Best for Conventioneers/Business Travelers: The Las Vegas Hilton, 3000 Paradise Rd. (tel. 888/732-7117), adjacent to the Las Vegas Convention Center and the setting for many on-premises conventions, offers extensive facilities that include a full business center. And now it's a stop on the nifty new monorail, making access to the Strip easier than ever. Be warned: New owners could make changes by the time you read this.

Best Luxury Resort: There really is only one, and that's the Ritz-Carlton, Lake Las Vegas, 1610 Lake Las Vegas Pkwy. (tel. 800/241-3333), perched on the edge (and over part of) Lake Las Vegas in Henderson. It's the combination of setting (gorgeous, peaceful) and experience (such service!) that wins them the prize. But you might want something that's actually in town, and for that, you must go straight to the Four Seasons, 3960 Las Vegas Blvd. S. (tel. 877/632-5000), because experience running luxury resorts around the world makes them the only true claimant to the throne within the Vegas city limits.

Best Resort for the Indecisive: Green Valley Ranch Resort, 2300 Paseo Verde Pkwy. (at I-215), Henderson (tel. 866/782-9487), somehow manages to combine the comfort of a Ritz-Carlton with the style of boutique chains such as the W, and makes it all work.

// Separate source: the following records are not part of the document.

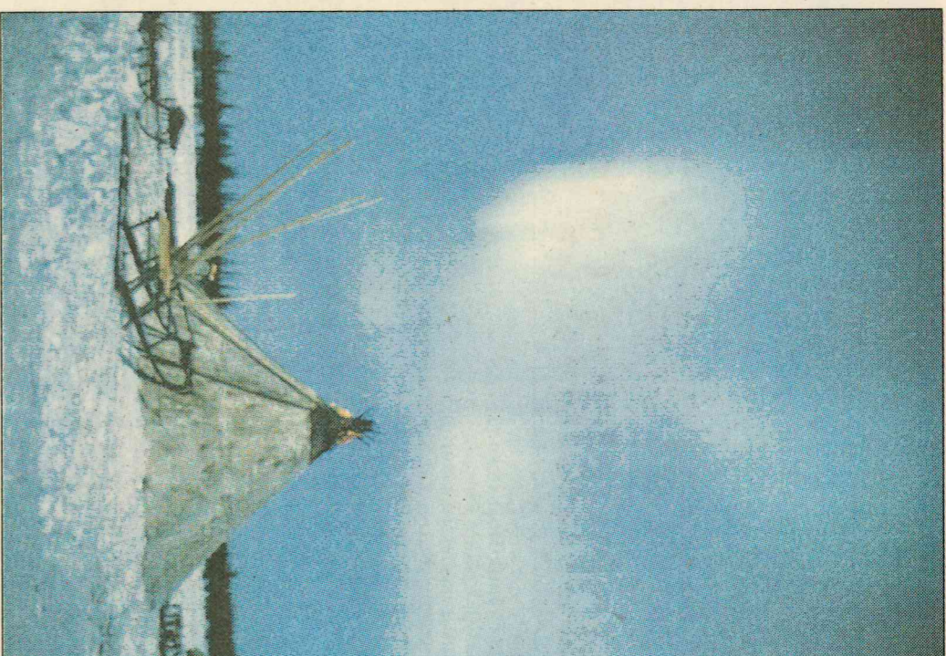
▲ Polární záře nad laponským stánem

tury, má pohnutou historii. Koncem války je Němci při ústupu z Finska srovnali se zemí, ale slavný finský architekt Alvar Aalto vyprojektoval v padesátých letech na spáleništi nové město s půdorysem ve tvaru sobích parohů. Dnes navštíví Rovaniemi ročně asi půl milionu turistů.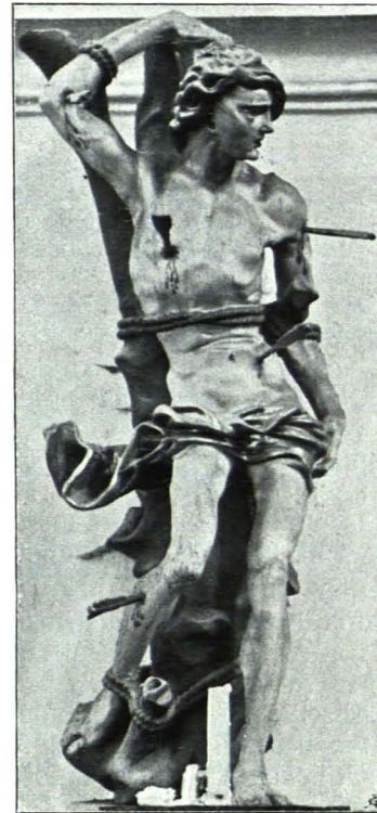
Fig. 68 Madonnenstatue (S. 62) Ebersdorf, Pfarrkirche Fig. 69 Sebastianstatue (S. 62)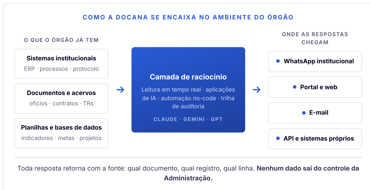
Fig. 1: A Docana opera como camada sobre a infraestrutura existente, sem migração e sem substituição de sistemas.

Construída sobre os modelos de IA mais avançados da atualidade (Anthropic Claude, Google Gemini e OpenAI GPT), a Docana já opera em produção em empresas de capital aberto e em órgãos públicos, em processos que exigem exatamente o que a Administração exige: precisão, auditabilidade e defensabilidade de cada resposta.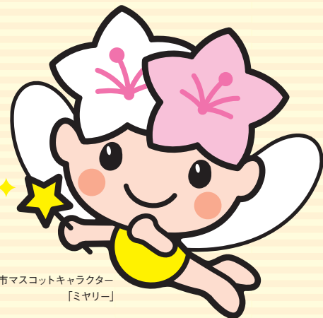
宇都宮市マスコットキャラクター 「ミヤリー」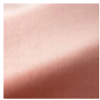
F3370024 Flamant rose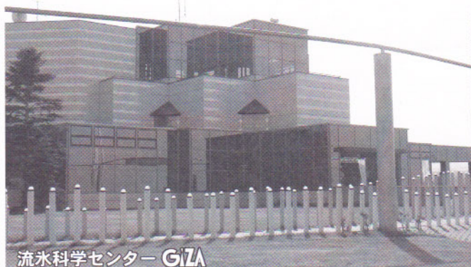
流水科学センター GIZA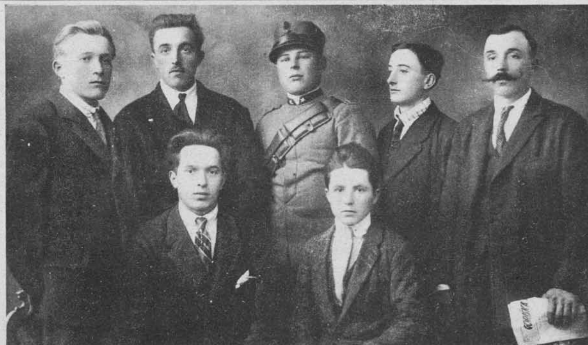
K sliki na levi:

znani slovenski skladatelj, ki je dne 17. t. m. umrl v Novem mestu v 89. letu svoje starosti. Njegova opera »Gorenjski slavček« ter neštne cerkvene skladbe so zanesle njegovo ime pač med najširše plasti ljudstva.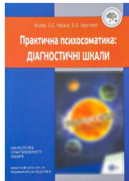
Практична психосоматика: діагностичні шкали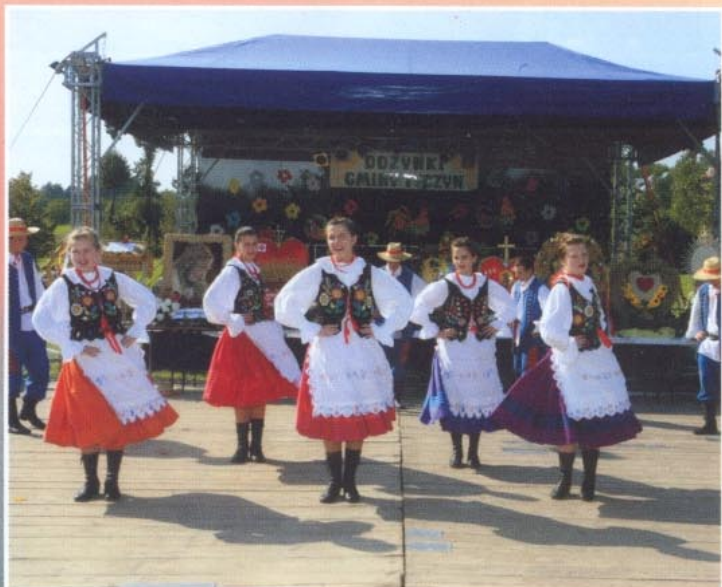
Występ Zespołu „Country” z Budziwoja Kolonii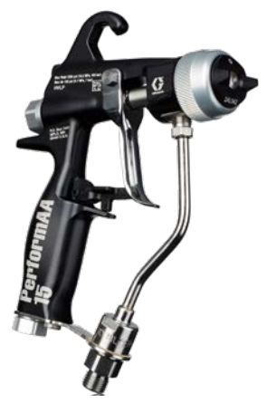
PerformAA Airless-Pistolen sind mit 105 bar (1.500 psi) für Anwendungen mit niedriger Viskosität und 345 bar (5.000 psi) für das Spritzen mit hohem Druck erhältlich.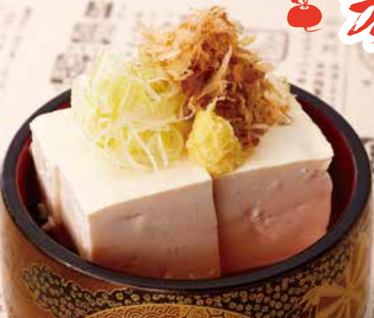
◆ 冷奴 300円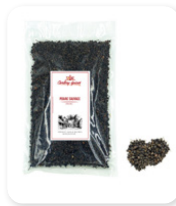
POIVRE SAUVAGE Wild Peeper

Have your cake and eat it too, either in the most comfortable beds in town or by one of our favorite pools.

Best Archetypically Las Vegas Hotel: As of press time, there weren't any. Las Vegas hotels are one and all doing such massive face-lifts that the archetype is going to be but a memory. Still, despite some major changes, including a complete exterior face-lift, Caesars Palace, 3570 Las Vegas Blvd. S. (tel. 877/427-7243), will probably continue to embody the excess, the romance (oh, yes) and, well, downright silliness that used to characterize Vegas -- and to a certain extent still does.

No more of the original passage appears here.